Risotto with sausage and mushrooms
Prep Time
15 mins
Cook Time
30 mins
Total Time
45 mins
Delicious comfort food - this risotto features earthy and savory flavors of mushrooms and sweet Italian sausage.
Course: Main Dish, Side
Cuisine: Italian
Servings: 4 people
Author: Michelle Barsness
  • 6 tbsp extra virgin olive oil
  • 1 tbsp butter
  • 1 small onion diced
  • 1 1/3 cup Arborio or Carnaroli rice
  • 1/2 cup dry white wine
  • 1 quart warm vegetable or chicken broth (4 cups)
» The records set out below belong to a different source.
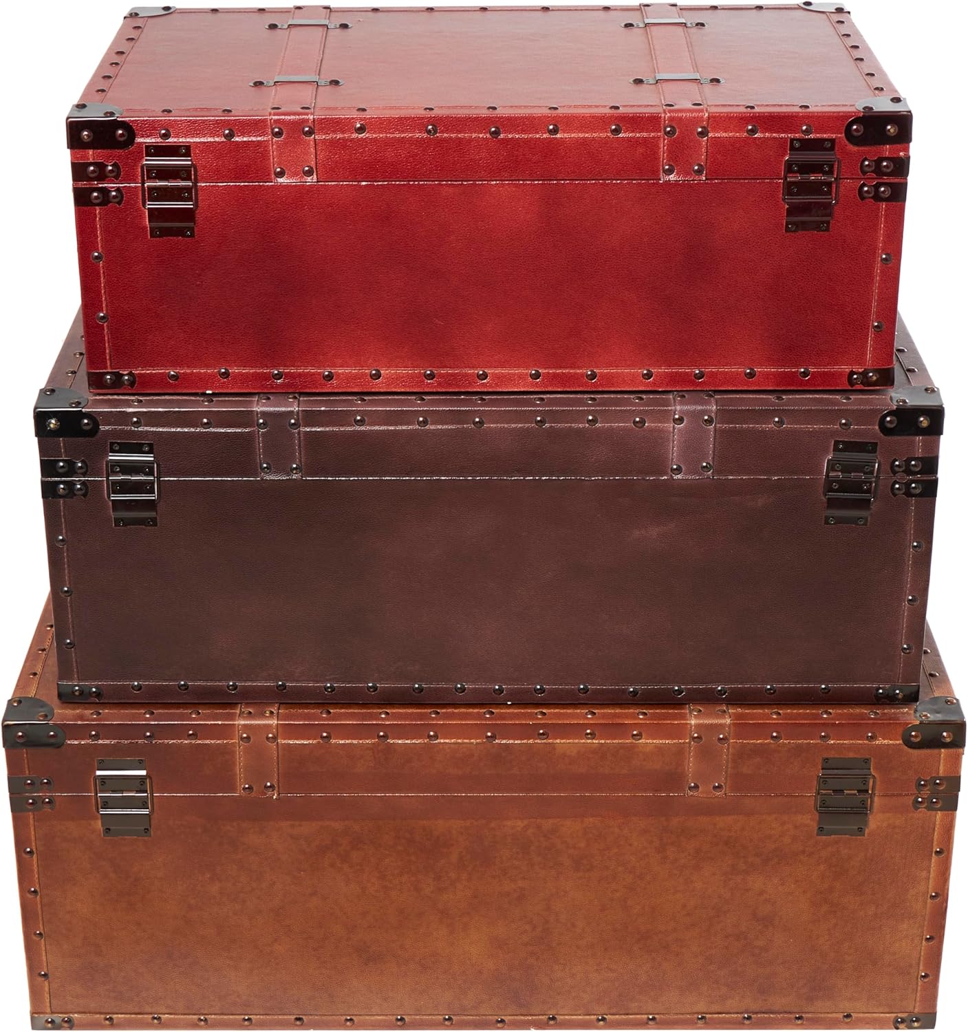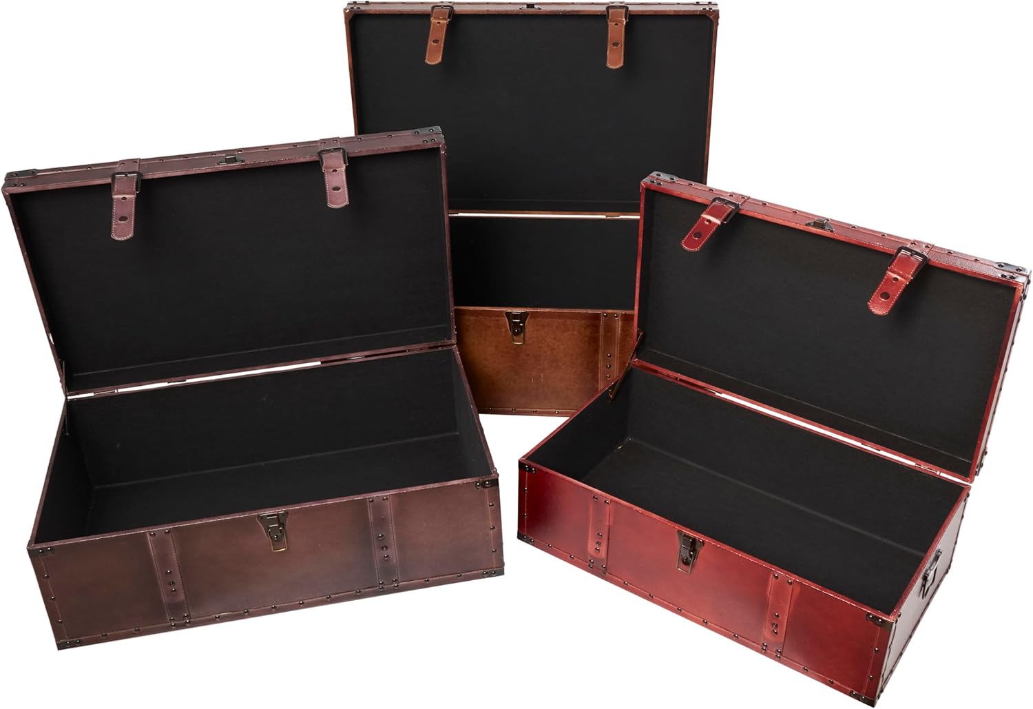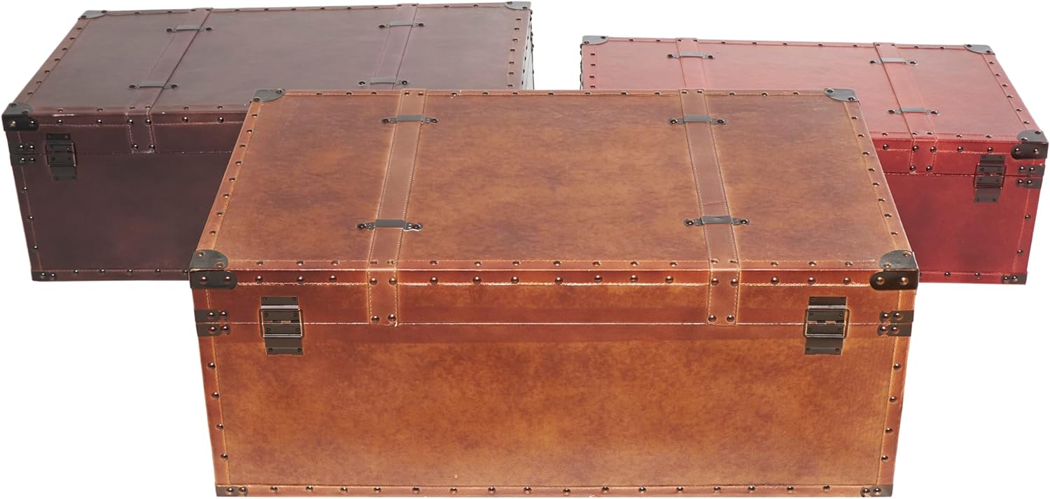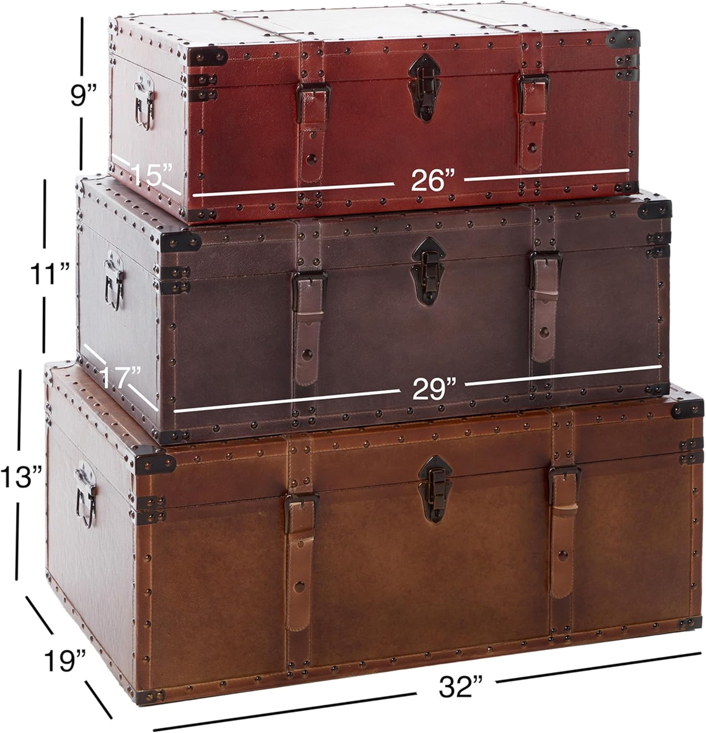 Deco 79 Wood Decorative Trunk Nesting Upholstered Decorative Large Boxes with Vintage Accents and Studs, Set of 3 Storage Trunks 32", 29", 26"W, Brown
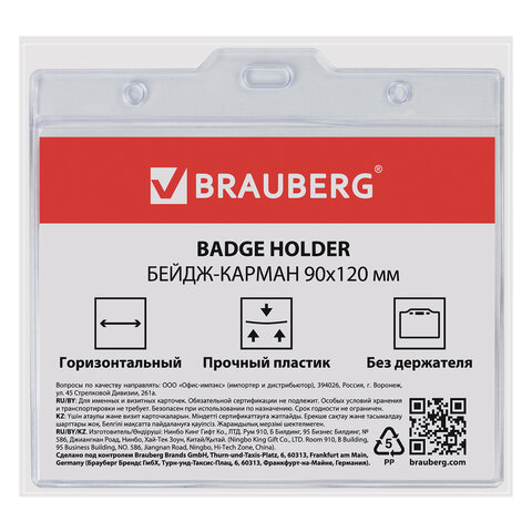 Горизонтальный бейдж BRAUBERG без крепления для именной карточки предназначен для идентификации сотрудников в компаниях, а также на семинарах, тренингах, презентациях и других мероприятиях.
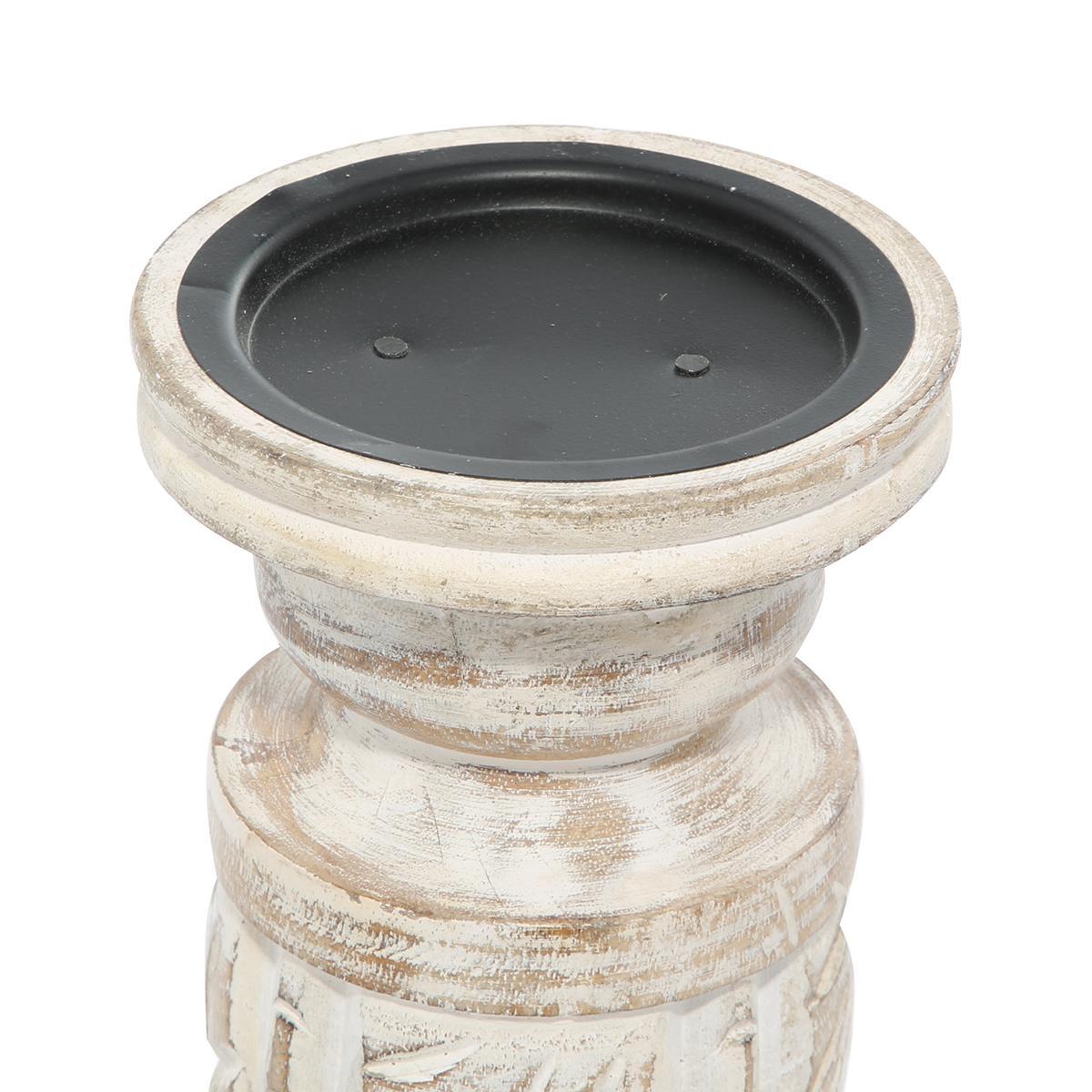 Sometimes a little candlelight is all it takes to make a space feel more inviting. Made of solid mango, this set of three 9th & Pike® Farmhouse-Style Wooden Candle Holders can help you set the mood. Each candle has a sandy color and a faded design on the midsection. Add them to a farmhouse- or rustic-style room.
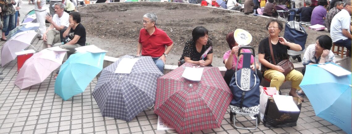 En los parques de China, los progenitores se convierten en casamenteros armados con carteles, paraguas y esperanza
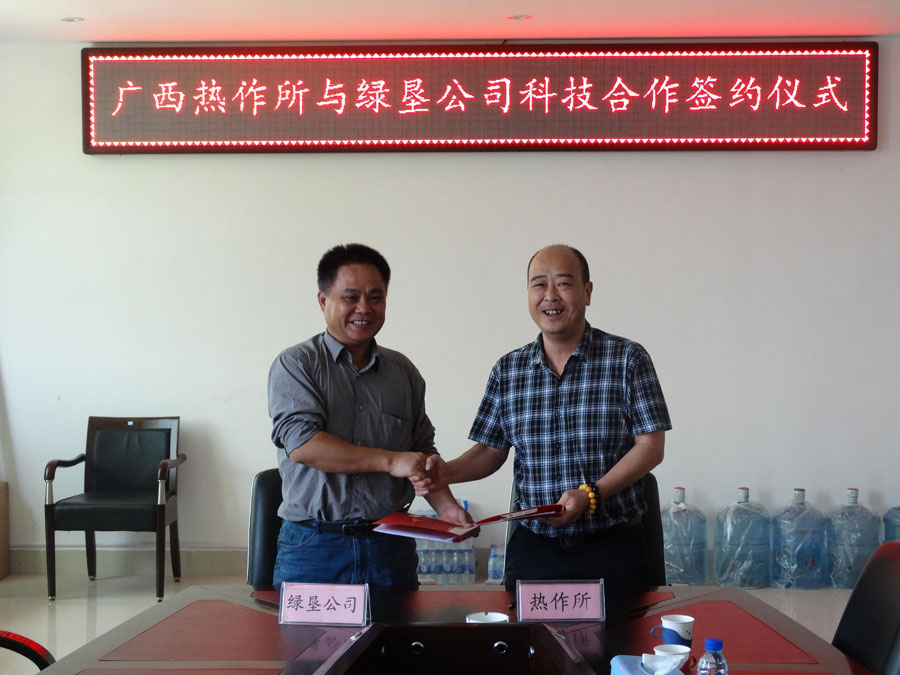 2015年10月20日,广西热作所与广西南宁绿垦现代农业有限责任公司在广西热作所会议室签订科技合作框架协议。广西南宁绿垦现代农业有限责任公司总经理宋福龙,广西热作所所长黄强、副所长池昭锦、广西农垦甘蔗研究所副所长庞新华,以及其他项目相关科技人员参加了此次签约仪式。
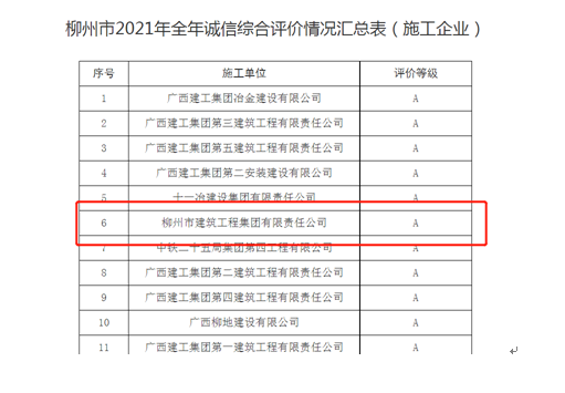 3月下旬,在柳州市住房和城鄉(xiāng)建設(shè)局發(fā)布的《2021年度柳州市建筑施工企業(yè)誠信綜合評價情況通報》中,柳建集團(tuán)以優(yōu)異的成績評為A級企業(yè),獲得通報表揚,并在我市建設(shè)工程招標(biāo)投標(biāo)活動中給予加分獎勵。
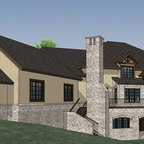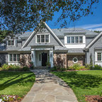 Cette image montre une grande façade en brique à un étage. — Houzz
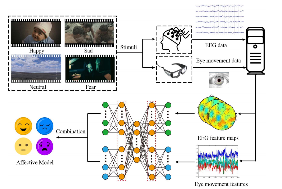 目前团队已在核心研究方向上取得阶段性进展。在情感计算与心理健康评测的关键技术研发中,团队创新采用“情感诱发+多模态数据采集+模型训练”的技术路径:通过情感影片精准诱发不同类型情绪,同步以连续标签标注情绪等级,再基于观影过程中采集的脑电图(EEG)、眼动信号等多模态数据集开展模型训练,最终在自主研发的自适应模型中实现高效情绪识别。这一阶段性成果不仅验证了研究思路的可行性,更为后续心理健康评测模型的落地应用筑牢了技术根基。
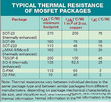 例如,采用1平方英寸的銅片,D-Pak的ΘJAD-Pak可能是50°C/W。但如果銅片就設在封裝引腳下,ΘJA值將會加倍(參見表)。采用多個并聯MOSFET,ΘJA主要依賴于它所安裝的銅片面積。兩個元器件的等效ΘJA可能是只有一個元器件時的一半,除非銅片的面積加倍。就是說,增加并聯MOSFET而不同時增加銅片面積,將使RDS(ON)減半,但對ΘJA的改變小得多。
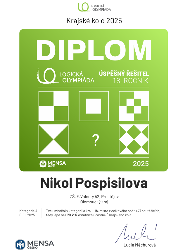 Gratulujeme Nikol Pospíšilové z 5.B k úspěchu v Logické olympiádě. Ze školního kola se ve své kategorii dostala do krajského kola, kde obsadila pěkné 14. místo z celkového počtu 47 soutěžících.

  • 1 lb sweet Italian sausage
  • 1/2 lb mushrooms (5 oz box)
  • 1 tbsp fresh thyme (optional)
  • 1/2 cup freshly grated parmesan cheese
  1. Use a large deep skillet for this recipe. On medium low, heat the olive oil and the butter in the pan. Cook the onions until they turn translucent and golden. Next add the rice. Stir, coating the rice with the oil and onions and cook until it becomes translucent.
  2. Add the wine and cook until it is absorbed. Add the sausage and sear. Add thyme if desired.
  3. Add a ladle of the warm broth to the risotto. Cook the rice for several minutes until the liquid is absorbed before adding more liquid. Add the mushrooms to the rice and cook for several minutes. Repeat one ladle at a time, adding the broth and letting it absorb until all liquid is used. As the rice cooks, it releases starches, which gives risotto its creamy el dente texture. The whole process should take approximately 30 minutes. If the rice is not el dente, creamy and cooked by the time you add all the liquid, continue to add hot water one cup at a time until it is finished. Cut the sausage into slices and top each serving with a sprinkling of Parmesan cheese.